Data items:
■ ■ ■ ■

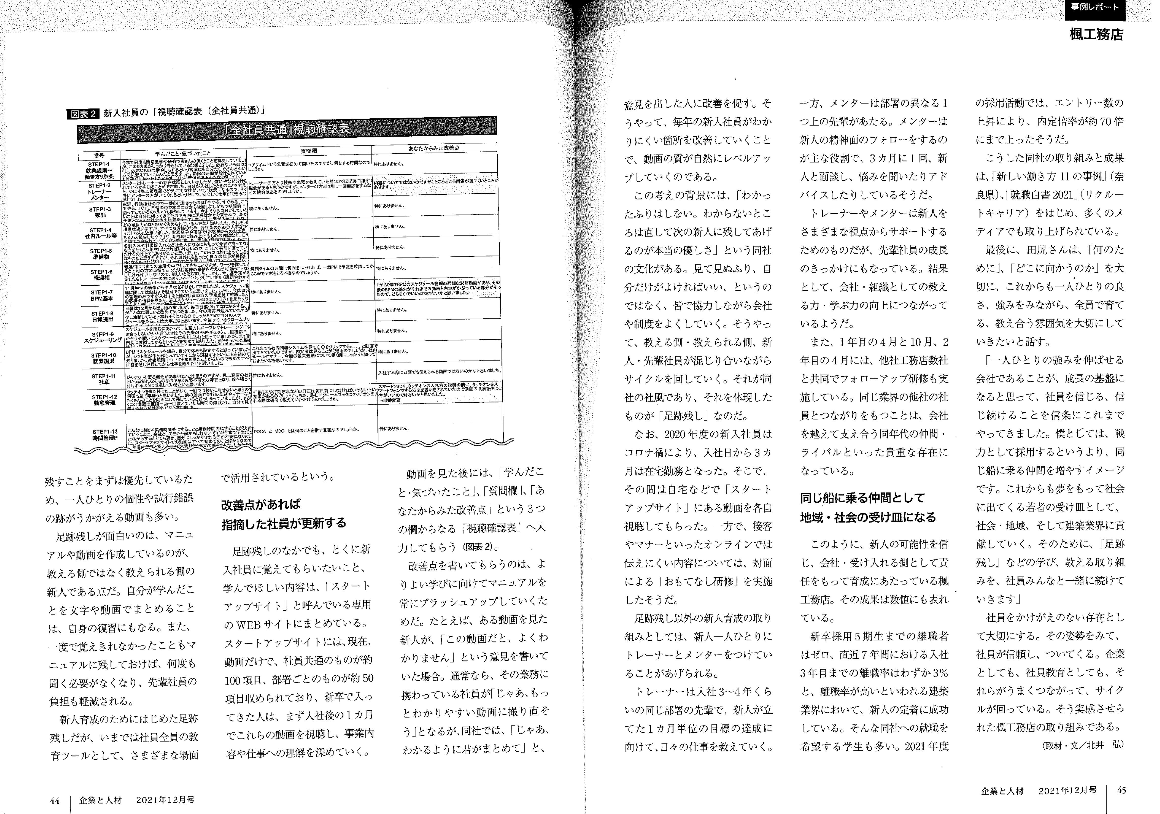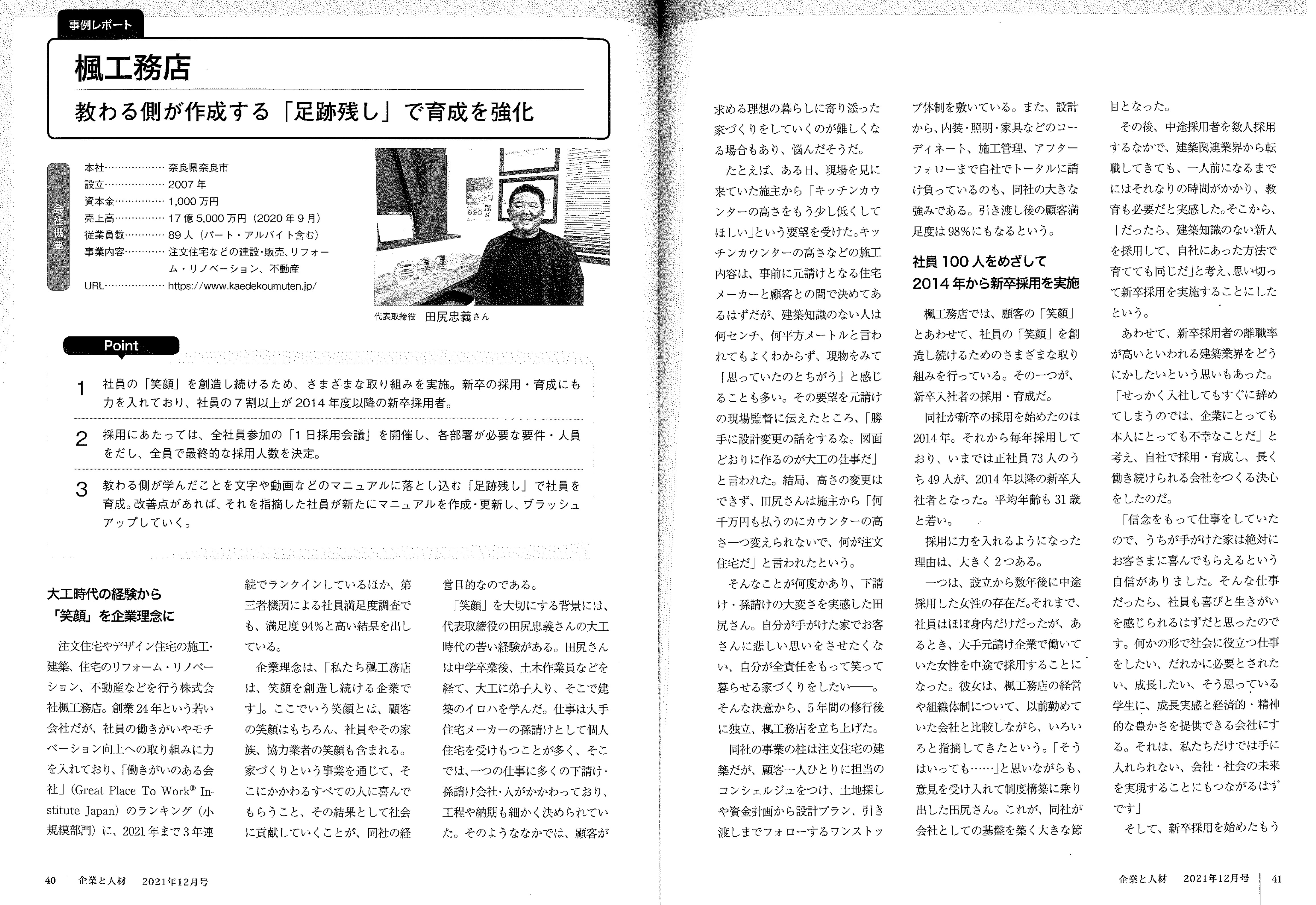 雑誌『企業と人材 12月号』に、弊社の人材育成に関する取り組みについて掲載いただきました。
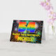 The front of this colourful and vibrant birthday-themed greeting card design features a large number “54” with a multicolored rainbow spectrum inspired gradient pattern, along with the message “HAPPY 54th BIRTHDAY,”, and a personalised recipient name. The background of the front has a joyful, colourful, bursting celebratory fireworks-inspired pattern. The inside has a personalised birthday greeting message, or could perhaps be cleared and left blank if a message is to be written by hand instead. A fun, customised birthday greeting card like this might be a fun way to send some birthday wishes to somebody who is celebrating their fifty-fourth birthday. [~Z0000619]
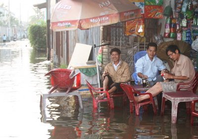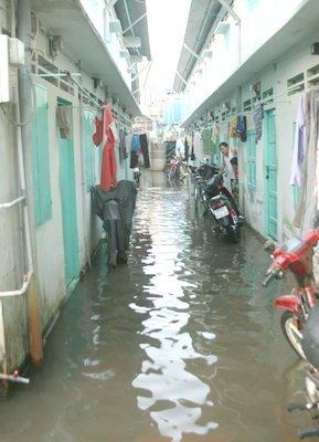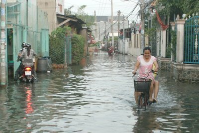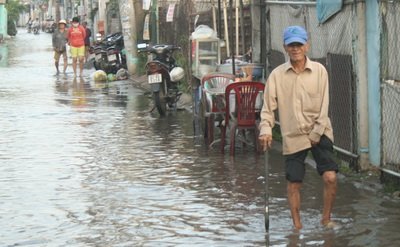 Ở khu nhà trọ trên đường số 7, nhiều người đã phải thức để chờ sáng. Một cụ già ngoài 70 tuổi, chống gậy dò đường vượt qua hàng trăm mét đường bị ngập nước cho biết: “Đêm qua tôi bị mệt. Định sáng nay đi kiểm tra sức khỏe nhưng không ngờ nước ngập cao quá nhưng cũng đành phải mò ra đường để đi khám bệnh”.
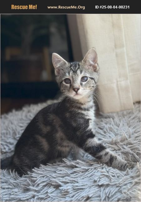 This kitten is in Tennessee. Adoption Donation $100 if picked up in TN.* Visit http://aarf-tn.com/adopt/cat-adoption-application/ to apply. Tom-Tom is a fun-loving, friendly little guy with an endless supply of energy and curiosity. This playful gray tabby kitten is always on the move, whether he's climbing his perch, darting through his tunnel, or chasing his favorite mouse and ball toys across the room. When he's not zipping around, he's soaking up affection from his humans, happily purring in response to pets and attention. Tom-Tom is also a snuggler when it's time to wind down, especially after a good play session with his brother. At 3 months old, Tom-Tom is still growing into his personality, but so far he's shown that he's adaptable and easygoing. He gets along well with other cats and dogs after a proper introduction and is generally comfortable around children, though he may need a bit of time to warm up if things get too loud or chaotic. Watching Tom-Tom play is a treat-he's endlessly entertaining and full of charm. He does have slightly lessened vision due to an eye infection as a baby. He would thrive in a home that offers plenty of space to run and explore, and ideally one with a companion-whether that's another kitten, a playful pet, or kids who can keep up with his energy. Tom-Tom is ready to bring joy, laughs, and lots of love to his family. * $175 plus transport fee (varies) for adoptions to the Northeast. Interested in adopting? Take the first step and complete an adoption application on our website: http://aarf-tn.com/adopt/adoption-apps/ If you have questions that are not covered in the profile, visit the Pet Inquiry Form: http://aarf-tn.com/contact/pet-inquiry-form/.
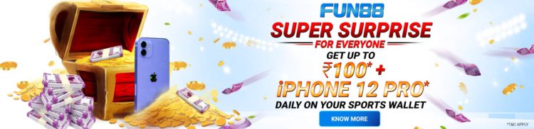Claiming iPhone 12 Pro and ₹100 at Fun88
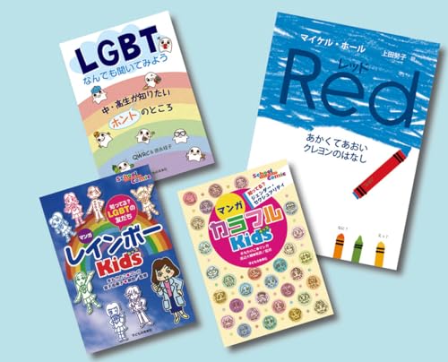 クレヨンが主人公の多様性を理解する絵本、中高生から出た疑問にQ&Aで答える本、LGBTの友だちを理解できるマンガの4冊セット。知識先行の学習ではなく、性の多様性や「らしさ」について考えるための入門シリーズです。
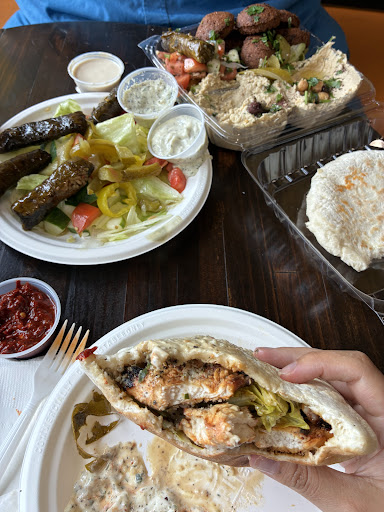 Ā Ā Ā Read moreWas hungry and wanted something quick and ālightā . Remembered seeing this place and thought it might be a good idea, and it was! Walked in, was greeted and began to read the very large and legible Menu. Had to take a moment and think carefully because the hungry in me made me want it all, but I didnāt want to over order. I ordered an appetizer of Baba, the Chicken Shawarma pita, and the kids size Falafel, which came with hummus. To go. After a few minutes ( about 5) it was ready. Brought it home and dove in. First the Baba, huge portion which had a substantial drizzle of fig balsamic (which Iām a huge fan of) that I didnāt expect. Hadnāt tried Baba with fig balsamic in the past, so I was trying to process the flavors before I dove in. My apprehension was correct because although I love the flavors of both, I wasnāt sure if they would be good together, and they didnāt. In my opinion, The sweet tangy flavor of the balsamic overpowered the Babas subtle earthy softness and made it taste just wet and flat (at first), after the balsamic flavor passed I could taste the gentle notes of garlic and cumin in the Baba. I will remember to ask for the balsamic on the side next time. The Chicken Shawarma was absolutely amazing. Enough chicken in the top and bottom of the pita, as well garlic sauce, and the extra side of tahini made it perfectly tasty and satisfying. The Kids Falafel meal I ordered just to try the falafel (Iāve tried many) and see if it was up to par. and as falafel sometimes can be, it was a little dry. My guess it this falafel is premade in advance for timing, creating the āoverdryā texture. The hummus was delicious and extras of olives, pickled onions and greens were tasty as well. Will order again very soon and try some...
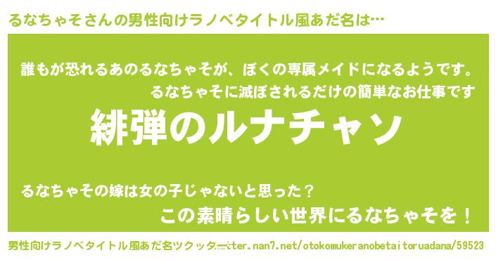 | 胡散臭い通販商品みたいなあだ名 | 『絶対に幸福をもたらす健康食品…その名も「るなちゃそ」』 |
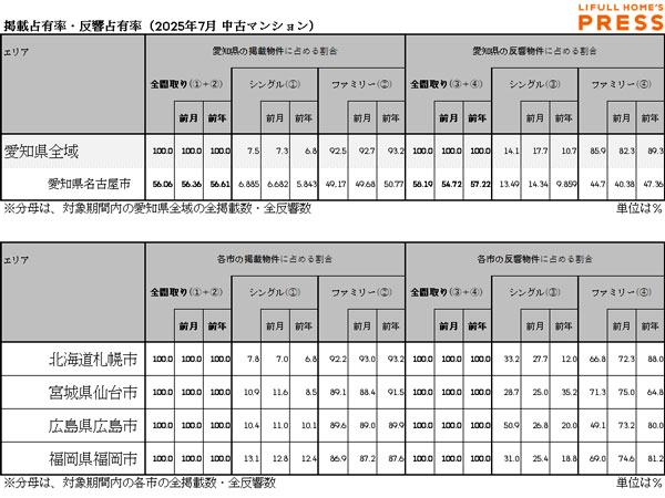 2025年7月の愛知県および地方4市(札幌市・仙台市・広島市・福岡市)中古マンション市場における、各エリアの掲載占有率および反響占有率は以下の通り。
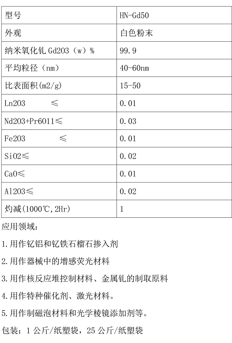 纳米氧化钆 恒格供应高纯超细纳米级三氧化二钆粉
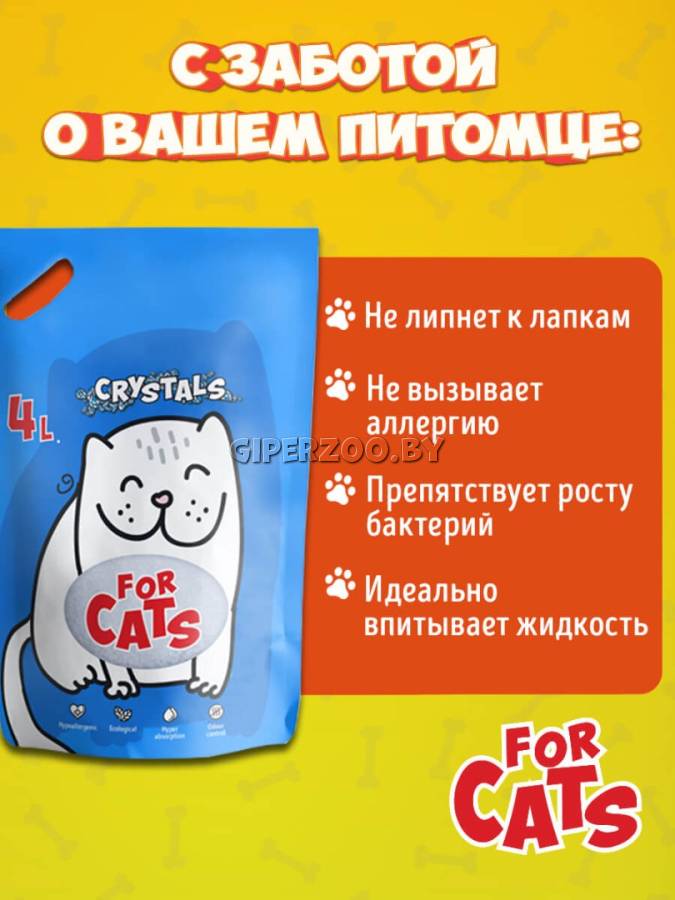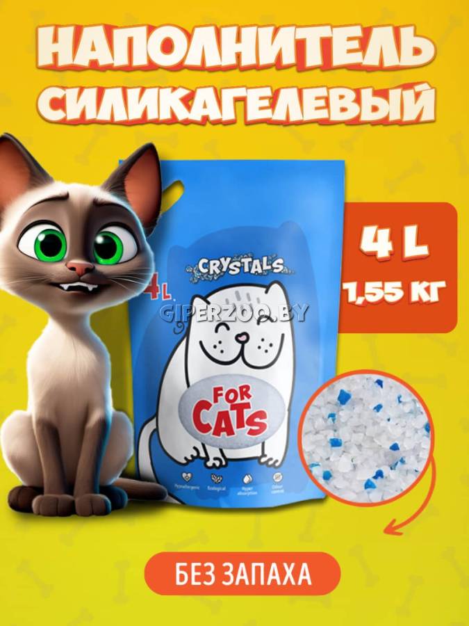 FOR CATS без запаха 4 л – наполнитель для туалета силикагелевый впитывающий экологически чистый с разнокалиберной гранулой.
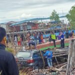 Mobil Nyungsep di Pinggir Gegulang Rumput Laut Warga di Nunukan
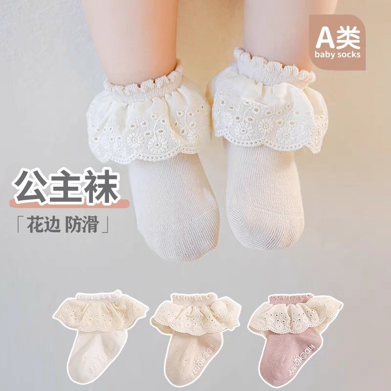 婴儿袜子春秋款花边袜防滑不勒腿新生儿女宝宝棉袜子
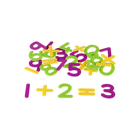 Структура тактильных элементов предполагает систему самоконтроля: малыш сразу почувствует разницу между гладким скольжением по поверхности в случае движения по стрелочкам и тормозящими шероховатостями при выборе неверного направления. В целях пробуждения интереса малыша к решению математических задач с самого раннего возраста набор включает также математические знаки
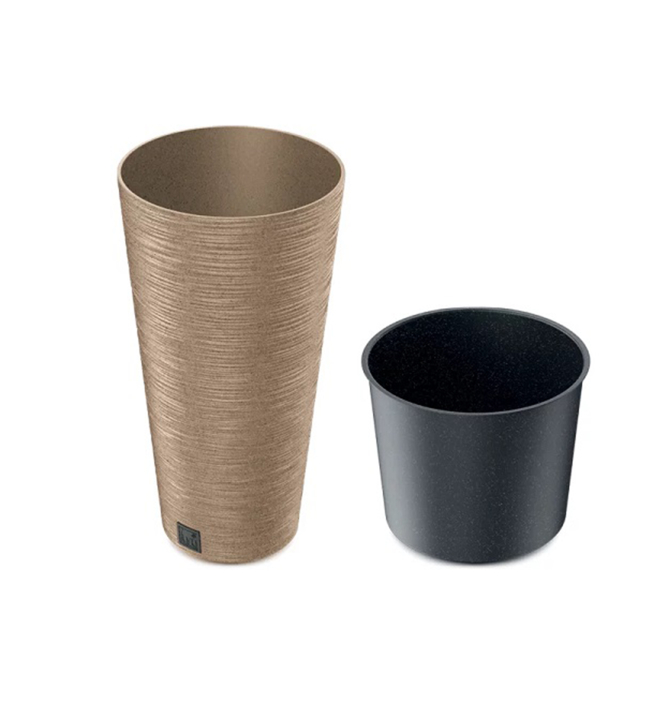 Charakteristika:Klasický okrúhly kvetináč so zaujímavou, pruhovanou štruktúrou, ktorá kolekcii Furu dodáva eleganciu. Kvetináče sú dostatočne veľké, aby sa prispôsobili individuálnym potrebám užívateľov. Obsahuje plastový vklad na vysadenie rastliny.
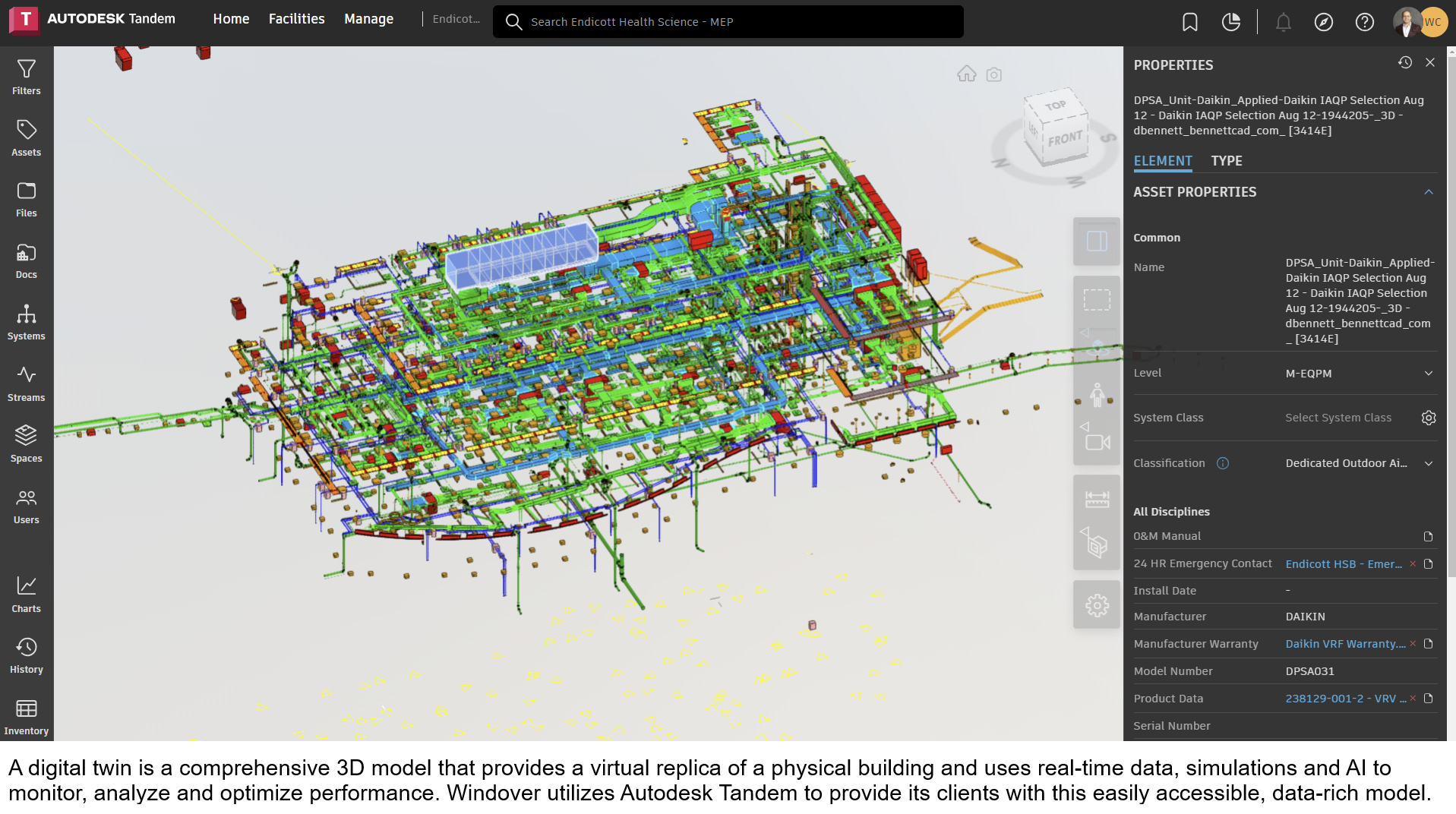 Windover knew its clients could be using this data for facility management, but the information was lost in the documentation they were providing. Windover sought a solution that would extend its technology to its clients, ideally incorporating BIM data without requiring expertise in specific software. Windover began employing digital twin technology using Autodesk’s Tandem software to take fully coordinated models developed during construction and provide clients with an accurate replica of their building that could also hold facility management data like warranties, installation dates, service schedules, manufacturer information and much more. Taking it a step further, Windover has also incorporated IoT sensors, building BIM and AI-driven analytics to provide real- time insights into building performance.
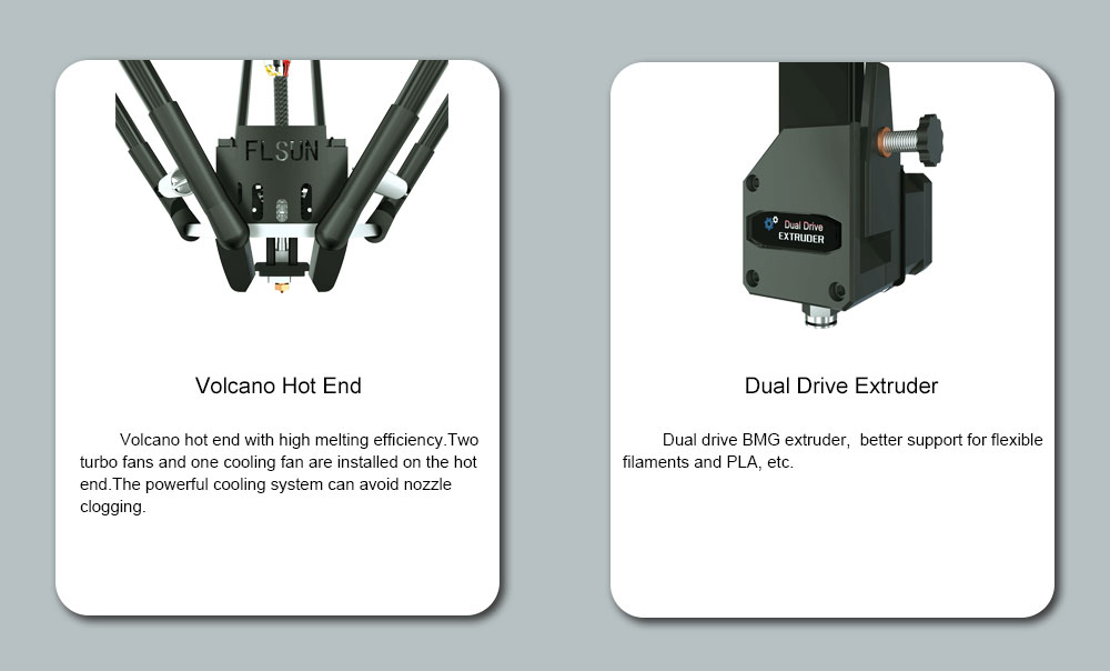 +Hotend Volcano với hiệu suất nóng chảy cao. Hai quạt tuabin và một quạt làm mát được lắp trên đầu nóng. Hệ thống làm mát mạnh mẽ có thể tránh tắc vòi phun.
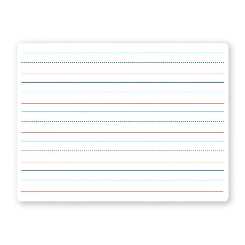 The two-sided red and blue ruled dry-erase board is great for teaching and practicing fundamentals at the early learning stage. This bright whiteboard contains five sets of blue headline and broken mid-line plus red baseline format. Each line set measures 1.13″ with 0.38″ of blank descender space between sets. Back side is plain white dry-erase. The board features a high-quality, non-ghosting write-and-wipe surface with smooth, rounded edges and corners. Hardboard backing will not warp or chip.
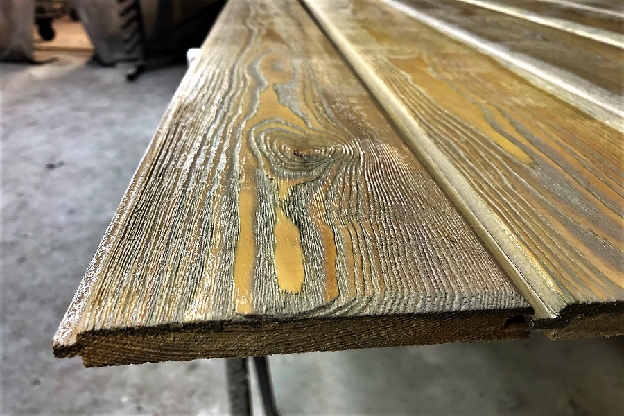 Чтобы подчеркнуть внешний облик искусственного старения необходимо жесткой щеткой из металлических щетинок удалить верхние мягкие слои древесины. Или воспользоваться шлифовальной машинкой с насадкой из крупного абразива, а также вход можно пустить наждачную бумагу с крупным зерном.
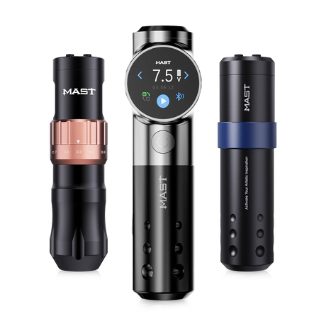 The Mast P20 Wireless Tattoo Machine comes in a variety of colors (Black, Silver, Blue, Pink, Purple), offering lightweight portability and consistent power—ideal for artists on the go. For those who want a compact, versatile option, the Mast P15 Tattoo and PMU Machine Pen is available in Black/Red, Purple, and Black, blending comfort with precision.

■ ■ ■ ■

- Exercise goal -
Above are the records. Copy word for word only their lines from the one holding "纳米氧化钆 恒格供应高纯超细纳米级三氧化二钆粉" through the one holding "婴儿袜子春秋款花边袜防滑不勒腿新生儿女宝宝棉袜子", both included, and skip the images.

- Task result -
 纳米氧化钆 恒格供应高纯超细纳米级三氧化二钆粉
 FOR CATS без запаха 4 л – наполнитель для туалета силикагелевый впитывающий экологически чистый с разнокалиберной гранулой.
 Mobil Nyungsep di Pinggir Gegulang Rumput Laut Warga di Nunukan
 婴儿袜子春秋款花边袜防滑不勒腿新生儿女宝宝棉袜子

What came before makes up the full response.